**DATA EXCERPT**.

>>>

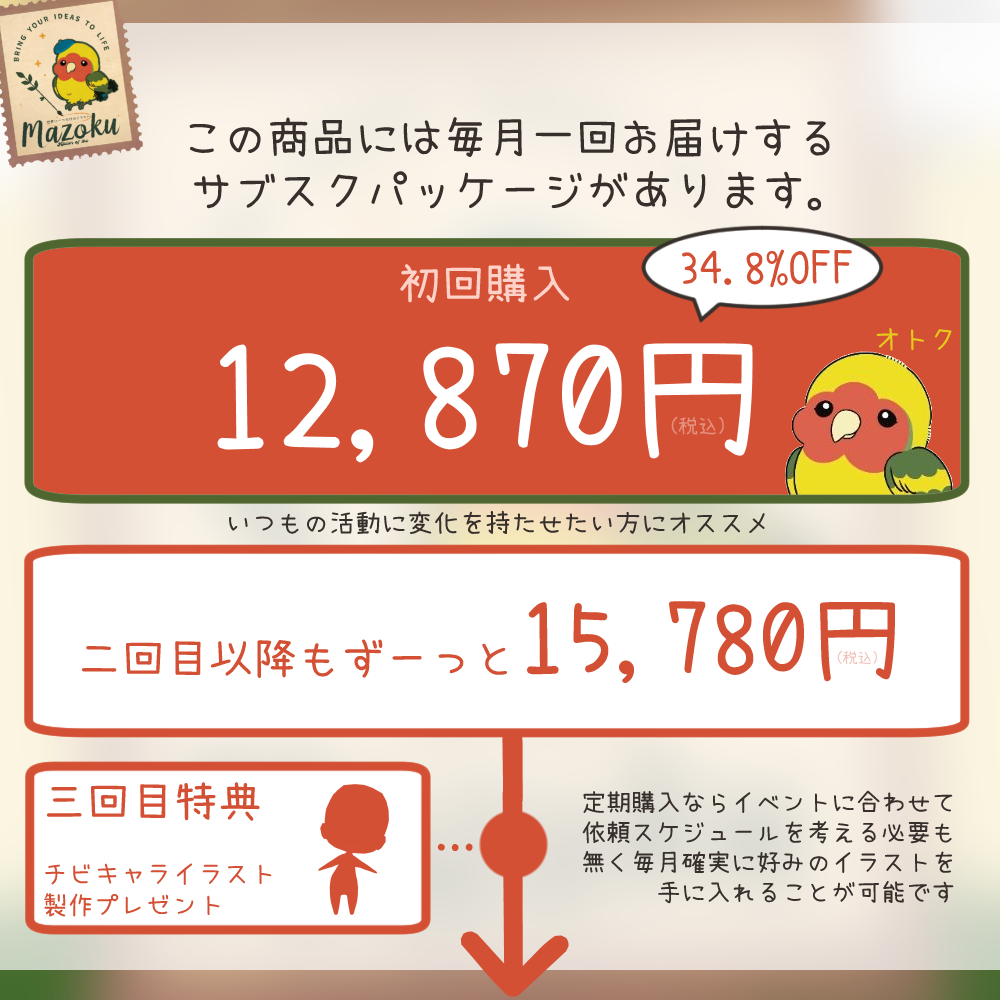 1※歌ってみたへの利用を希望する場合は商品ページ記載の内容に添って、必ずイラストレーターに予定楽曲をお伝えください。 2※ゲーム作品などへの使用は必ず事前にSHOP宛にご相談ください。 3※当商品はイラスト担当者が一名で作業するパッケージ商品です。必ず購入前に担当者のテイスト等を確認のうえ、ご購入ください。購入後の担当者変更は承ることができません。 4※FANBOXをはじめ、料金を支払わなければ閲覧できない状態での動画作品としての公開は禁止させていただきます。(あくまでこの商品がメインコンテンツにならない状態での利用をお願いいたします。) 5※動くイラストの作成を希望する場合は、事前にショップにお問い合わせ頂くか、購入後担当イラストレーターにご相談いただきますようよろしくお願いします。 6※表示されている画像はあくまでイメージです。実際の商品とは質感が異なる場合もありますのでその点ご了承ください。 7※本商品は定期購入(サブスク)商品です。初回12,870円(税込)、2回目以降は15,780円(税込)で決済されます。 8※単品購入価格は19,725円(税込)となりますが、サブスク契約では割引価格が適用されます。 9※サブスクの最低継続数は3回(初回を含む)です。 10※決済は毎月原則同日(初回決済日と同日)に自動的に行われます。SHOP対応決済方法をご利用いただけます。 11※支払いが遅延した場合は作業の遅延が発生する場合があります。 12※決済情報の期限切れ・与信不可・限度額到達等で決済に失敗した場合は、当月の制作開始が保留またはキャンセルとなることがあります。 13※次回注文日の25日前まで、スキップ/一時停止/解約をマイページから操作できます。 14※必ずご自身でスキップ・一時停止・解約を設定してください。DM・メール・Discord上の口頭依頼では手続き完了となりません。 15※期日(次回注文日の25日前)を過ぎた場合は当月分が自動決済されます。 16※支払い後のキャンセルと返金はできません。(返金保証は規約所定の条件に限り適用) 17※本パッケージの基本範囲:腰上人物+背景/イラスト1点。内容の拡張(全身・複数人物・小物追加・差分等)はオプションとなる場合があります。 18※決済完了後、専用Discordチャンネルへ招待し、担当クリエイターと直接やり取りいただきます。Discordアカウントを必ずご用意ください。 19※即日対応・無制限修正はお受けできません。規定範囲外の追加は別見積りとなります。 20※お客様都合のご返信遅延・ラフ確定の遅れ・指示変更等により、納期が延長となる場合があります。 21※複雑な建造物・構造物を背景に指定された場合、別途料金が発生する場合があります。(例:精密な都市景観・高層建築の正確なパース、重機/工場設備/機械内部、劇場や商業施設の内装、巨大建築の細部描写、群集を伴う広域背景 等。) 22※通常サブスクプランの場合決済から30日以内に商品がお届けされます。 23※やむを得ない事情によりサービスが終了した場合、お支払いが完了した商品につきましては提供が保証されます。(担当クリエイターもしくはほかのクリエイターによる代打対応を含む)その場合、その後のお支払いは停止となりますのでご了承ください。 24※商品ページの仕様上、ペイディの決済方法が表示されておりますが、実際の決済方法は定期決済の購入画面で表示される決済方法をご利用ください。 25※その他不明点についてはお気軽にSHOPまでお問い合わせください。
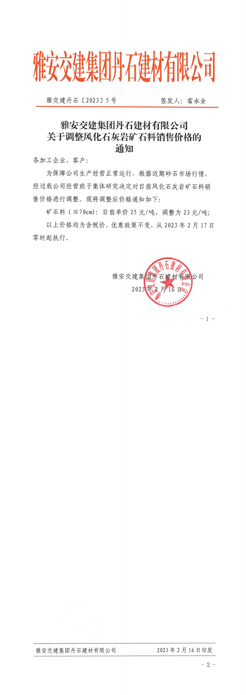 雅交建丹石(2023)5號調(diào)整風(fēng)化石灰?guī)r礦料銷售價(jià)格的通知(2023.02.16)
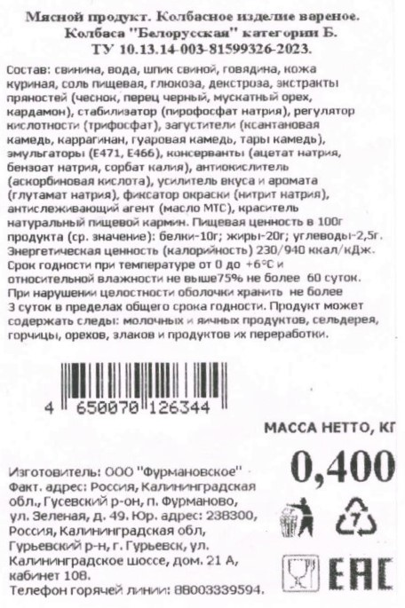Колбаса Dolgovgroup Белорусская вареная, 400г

<<<

**ASSIGNMENT**. Everything from the line with "雅交建丹石(2023)5號調" through the last line of the listing above is to be copied exactly, both ends included, except the pictures.

**TASK RESPONSE**.
 雅交建丹石(2023)5號調(diào)整風(fēng)化石灰?guī)r礦料銷售價(jià)格的通知(2023.02.16)
Колбаса Dolgovgroup Белорусская вареная, 400г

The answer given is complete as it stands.